Thèse en sciences de l’environnement, soutenue le 16 décembre 2024 par Christophe Gilliand, rattaché à l’Institut de géographie et durabilité (IGD) de la FGSE.
À l’origine de la réflexion proposée dans cette thèse se trouve un double constat. D’une part, l’existence d’une crise environnementale globalisée, engageant la responsabilité humaine, fait désormais l’objet d’un consensus scientifique indiscutable et relève du savoir populaire. D’autre part pourtant, les timides mesures mises en œuvre pour y faire face semblent indiquer que nous ne parvenons pas pleinement à saisir l’urgence, comme si la nature constituait un ailleurs situé par-delà notre champ de considération morale. Dans une perspective technique et économique, les principes habituellement mobilisés pour motiver un changement dans nos comportements vis-à-vis de notre environnement sont ceux de « gestion rationnelle » des « ressources naturelles » et des « services écosystémiques », ou encore, de « responsabilité envers les générations futures ». Alors même que nous nous savons compris dans l’histoire de l’évolution, notre appartenance propre à la nature semble être largement occultée. Ainsi, pour remonter aux racines de la crise environnementale et de nos difficultés à y faire face, sans doute importe-t-il de questionner l’anthropocentrisme qui structure notre rapport au monde. C’est-à-dire, le système de valeurs et de représentations qui place l’humain en son centre orbital.

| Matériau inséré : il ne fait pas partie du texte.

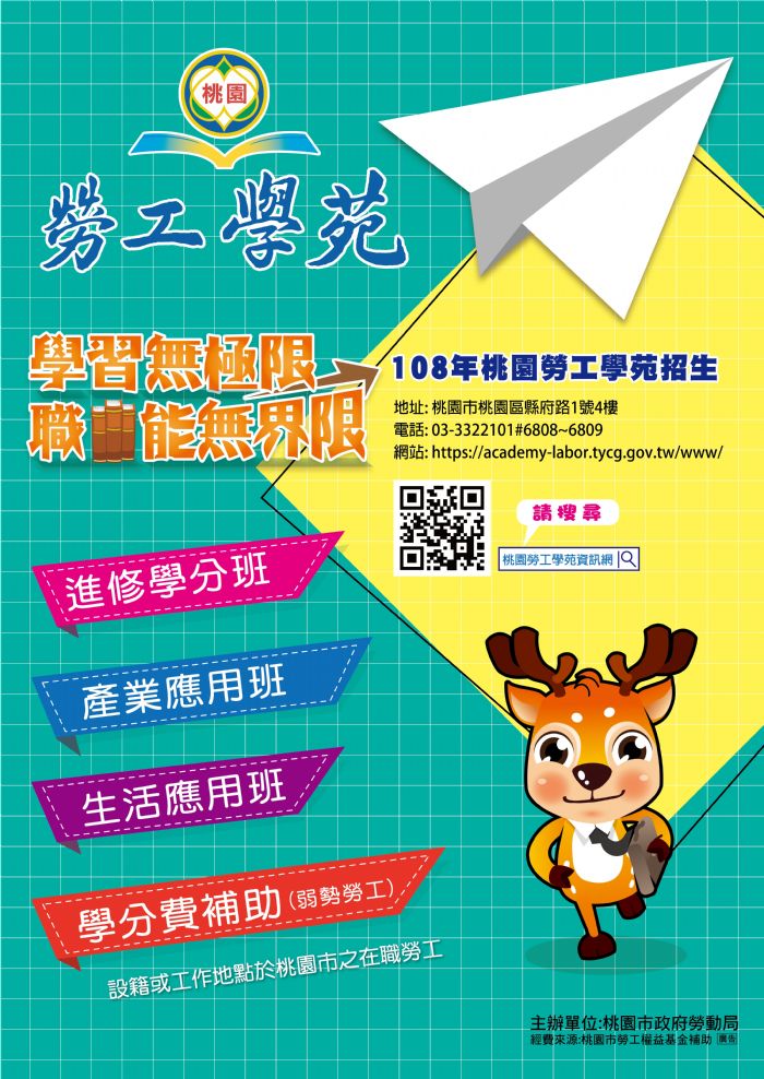 桃園市政府勞動局訂於6月4日(星期二)上午10時於桃園市綜合會議廳2樓召開「108年勞工學苑招生記者會」,當日邀請桃園市三大市級總工會理事長、民意代表、辦課單位等嘉賓與會。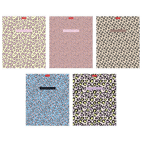Тетрадь обложка пластик, А5 48л. скоба, клетка, HATBER, LEO-принт (микс в спайке), 09, 48Т5В1пл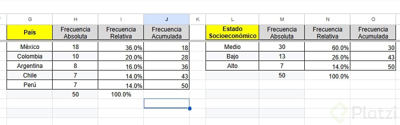 ¿Cómo crear una tabla de frecuencia en Google Sheets?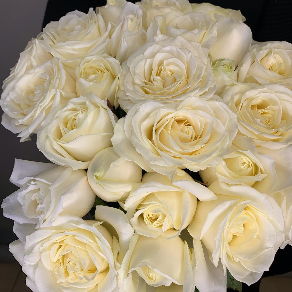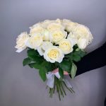 Классический букет из 25 белых роз можно подарить понравившейся девушки, также прекрасным поводом для данного букета будет первое свидание или подарок на свадьбу.
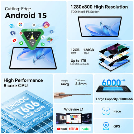 Teclast P30T Android 15 Tablet 10.1" IPS Max 12GB RAM 128GB ROM T606 8-core 6000mAh Keyboard/Case/Mouse/Stylus/Headphone/Stand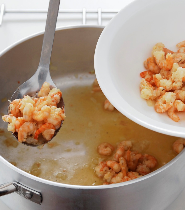ΒΗΜΑ 1. Zεματίζετε για 1΄τις γαρίδες σε αλατισμένο νερό, τις στραγγίζετε, τις αφήνετε να κρυώσουν λίγο και τις ξεφλουδίζετε. Ζεσταίνετε το μισό λάδι και σοτάρετε το σκόρδο. Προσθέτετε τις γαρίδες, λίγο πιπέρι ανακατεύετε και σβήνετε με το κονιάκ. Μετά από 2΄αφαιρείτε τις γαρίδες με τρυπητή κουτάλα και ρίχνετε τη σάλτσα τους σε ένα μικρό μπολ.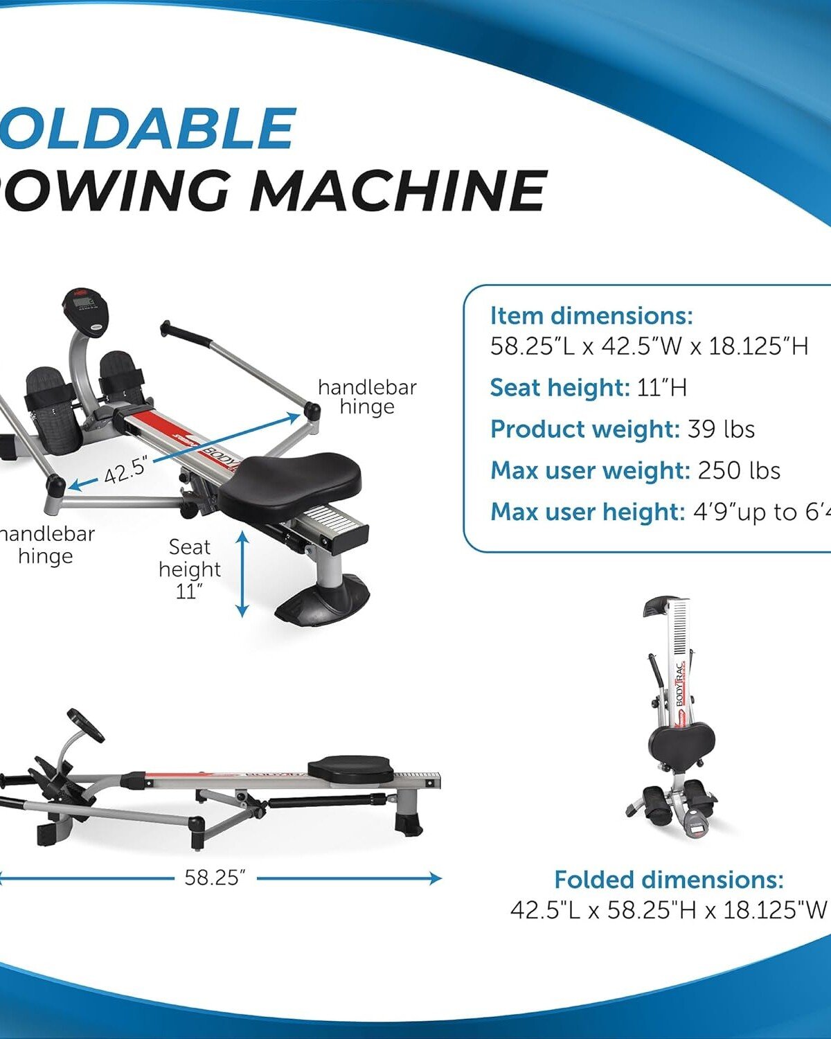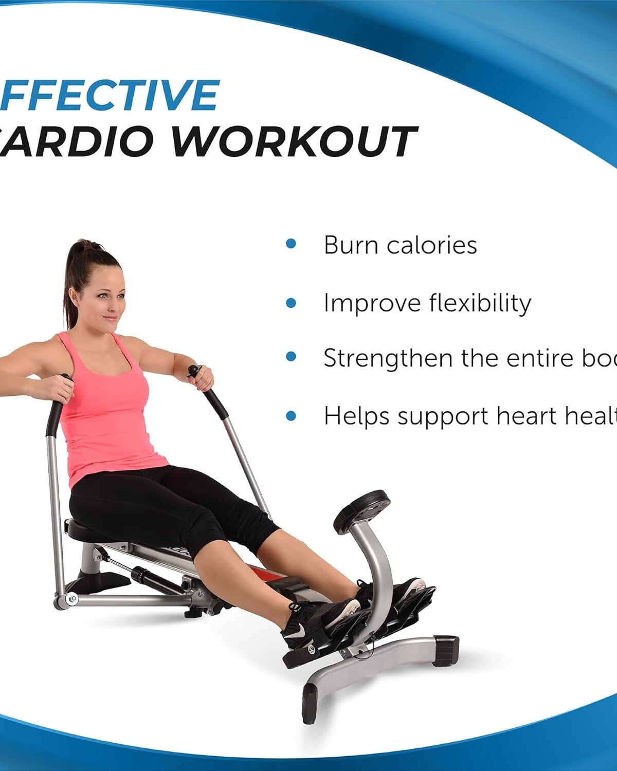 Full-body rower machine strengthens and tightens your back, legs, arms, abdominals, and glute muscles that can support up to 250 pounds of weight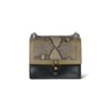 Borsa firmata Fendi, modello Kan I, misura small. Realizzata in pelle tricolor con inserti in pelle nera e hardware argentati. Dotata di una patta frontale con dettaglio in pitone con una chiusura ad incastro, internamente rivestita in tessuto scamosciato tono su tono con comoda tasca, capiente per l’essenziale. Munita di una tracolla scorrevole in catena per una portata a spalla. Si presenta in ottime condizioni.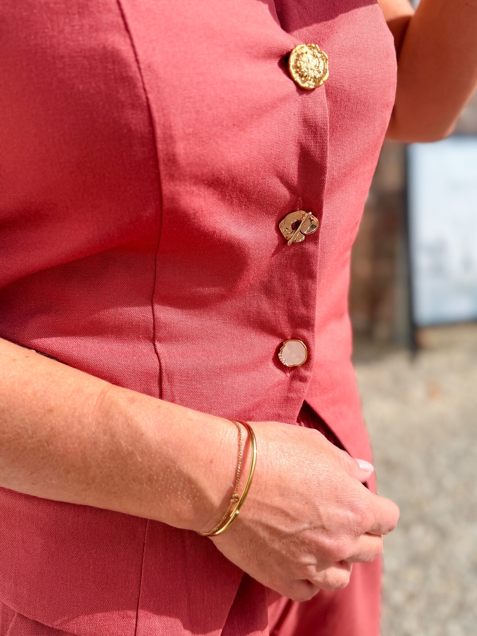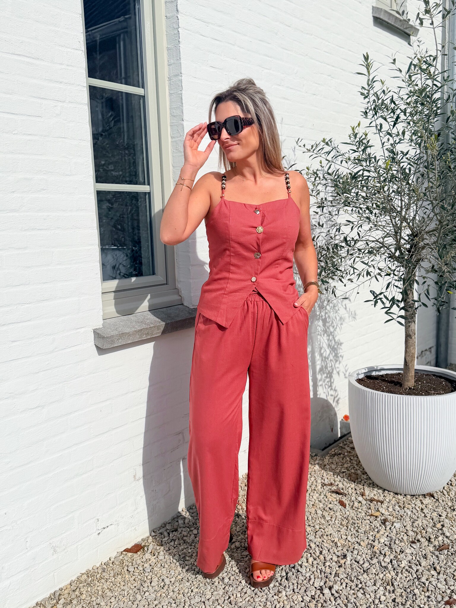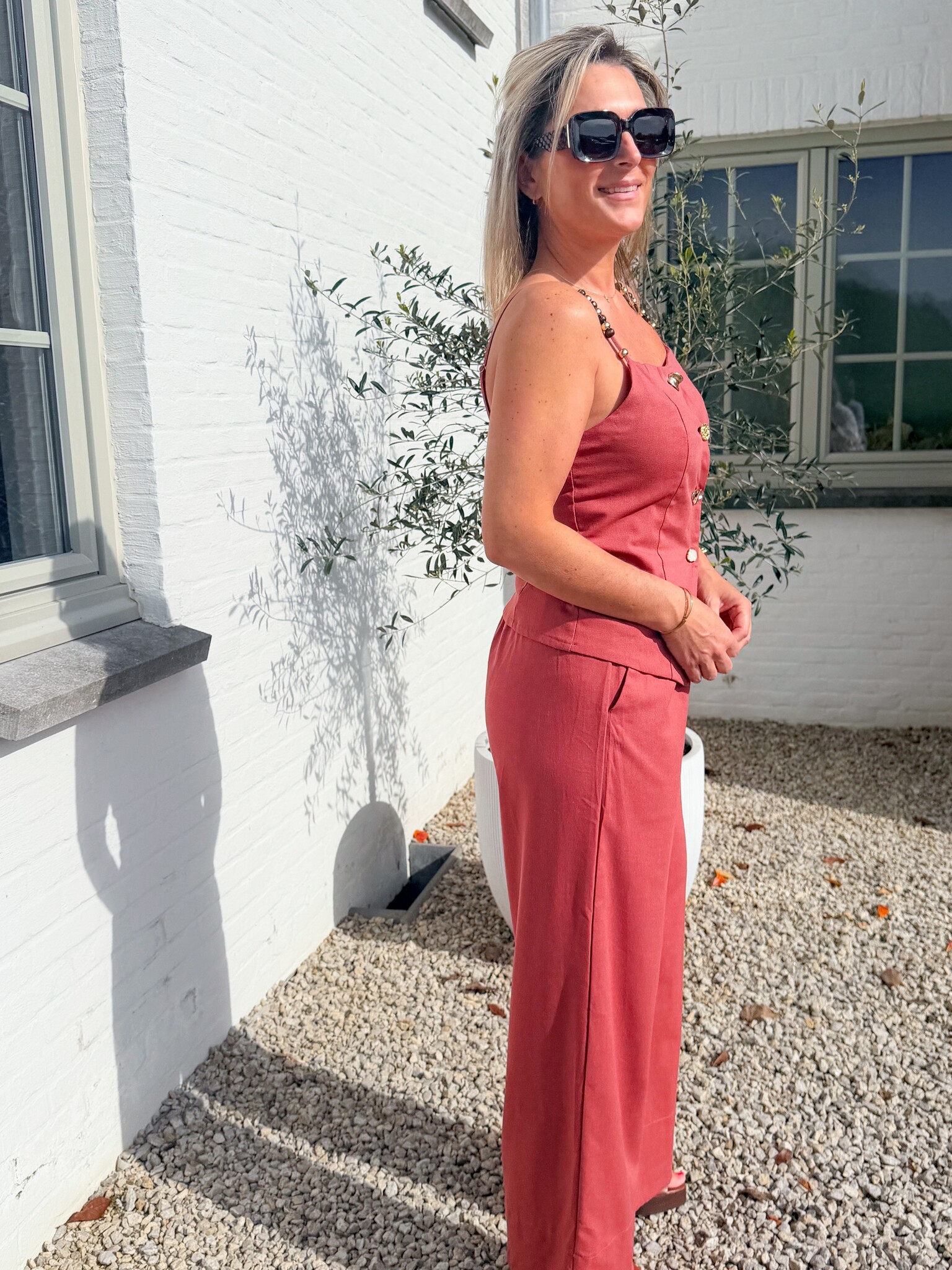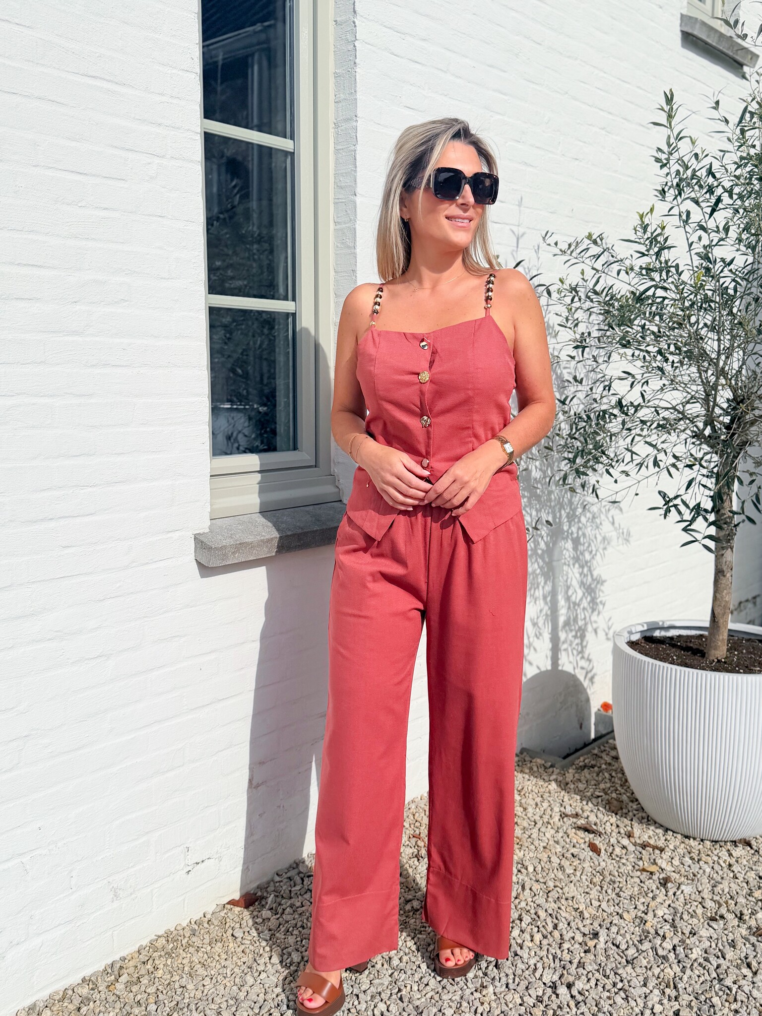 Aan verlanglijst toevoegenTerra set €54,99 Size: *SMLToevoegen aan winkelwagenInloggen voor wishlistDirect betalenBeschrijvingLinnen set met fijne spaghetti bandjes, subtiele pareldetails voor een extra touch en elegante gouden knopen. Licht, luchtig en stijlvol. Perfect voor een chique, zomerse look. Valt op maat.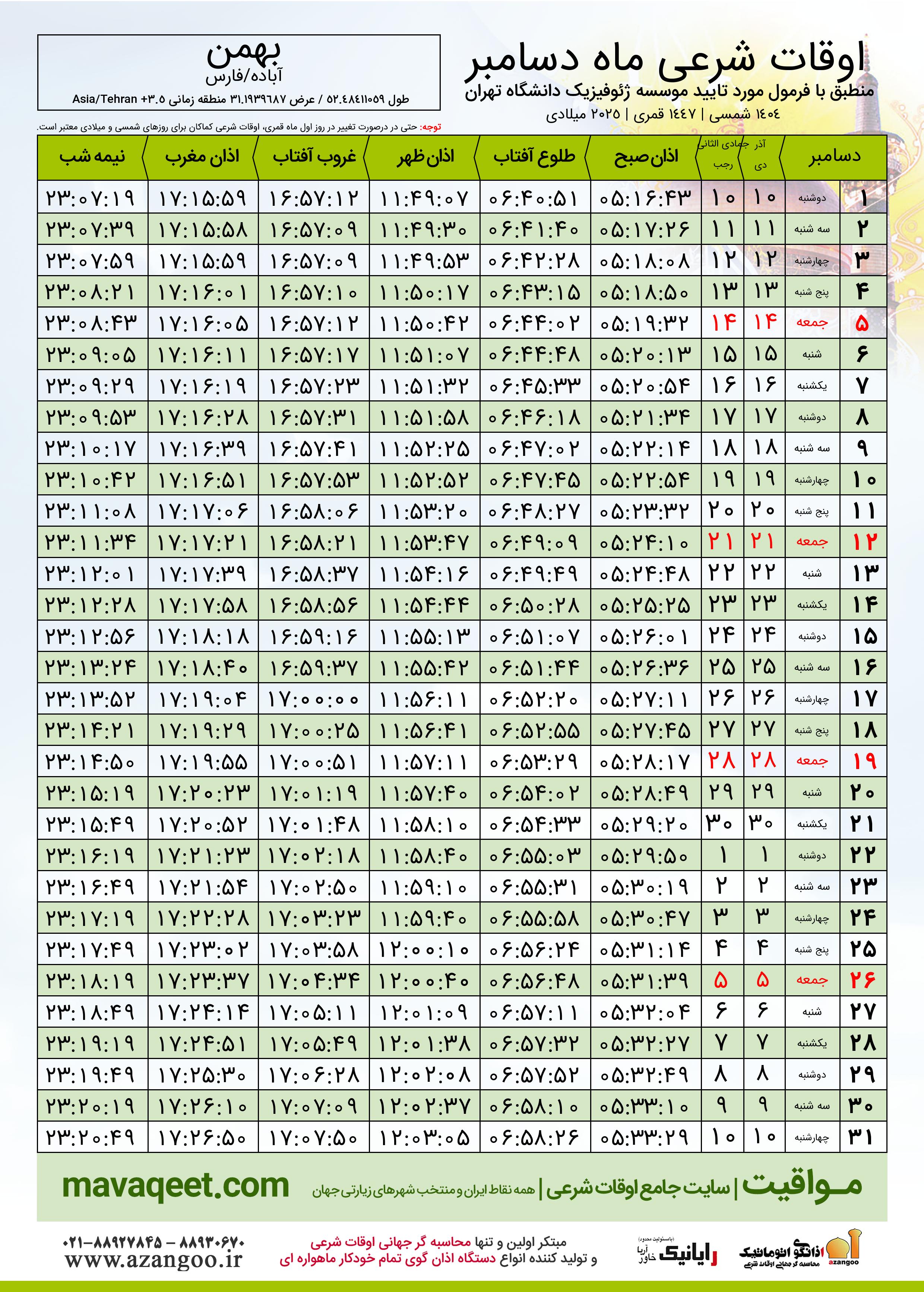 اوقات شرعی دسامبر ٢٠٢٥ میلادی شهر بهمن

Cette thèse, inscrite dans le champ de recherche de l’écophénoménologie, se propose précisément de contribuer à cette réflexion par l’exploration de l’expérience vécue de la nature. Autrement dit, l’expérience sensible et immédiate d’un monde vivant, un monde plus qu’humain partagé par une multitude de formes de vie. Structurée en deux parties, notre recherche vise d’abord à clarifier ce qui fait la spécificité et la pertinence de la méthode phénoménologique relativement à la question de l’anthropocentrisme. Nous soulignons qu’avant d’être un concept ou un objet de discours, la « nature » se donne comme un phénomène concret, palpable, adressé à nos sens. Comme nous le suggérons, cette façon de l’appréhender à partir d’une perspective en première personne s’avère particulièrement féconde pour la philosophie environnementale. Elle conduit à la reconnaissance intime de notre entremêlement dans la trame du vivant.
Dans la seconde partie, il s’agit dès lors de plonger dans la perspective incarnée et foncièrement relationnelle de l’écophénoménologie. Notre mode d’être fondamental, proposons-nous de le comprendre, est celui de la participation. Avant d’être des observateurs détachés du monde et des êtres qui le peuplent, nous sommes pris avec eux dans l’aventure de l’existence. L’ensemble de notre propos s’articule autour de cette expérience de participation dont nous nous attelons à élucider la signification et les conséquences philosophiques. Comme nous le pensons, elle nous ramène à notre condition de vivant et donne chair à l’idée d’un « soi écologique ». Plus encore, elle s’invite au cœur de la quête de la vie bonne et offre un fondement sensible à l’engagement éthique et politique. En définitive, soutenons-nous, la clé de la « transition écologique » est à rechercher d’abord dans la qualité de notre présence au monde.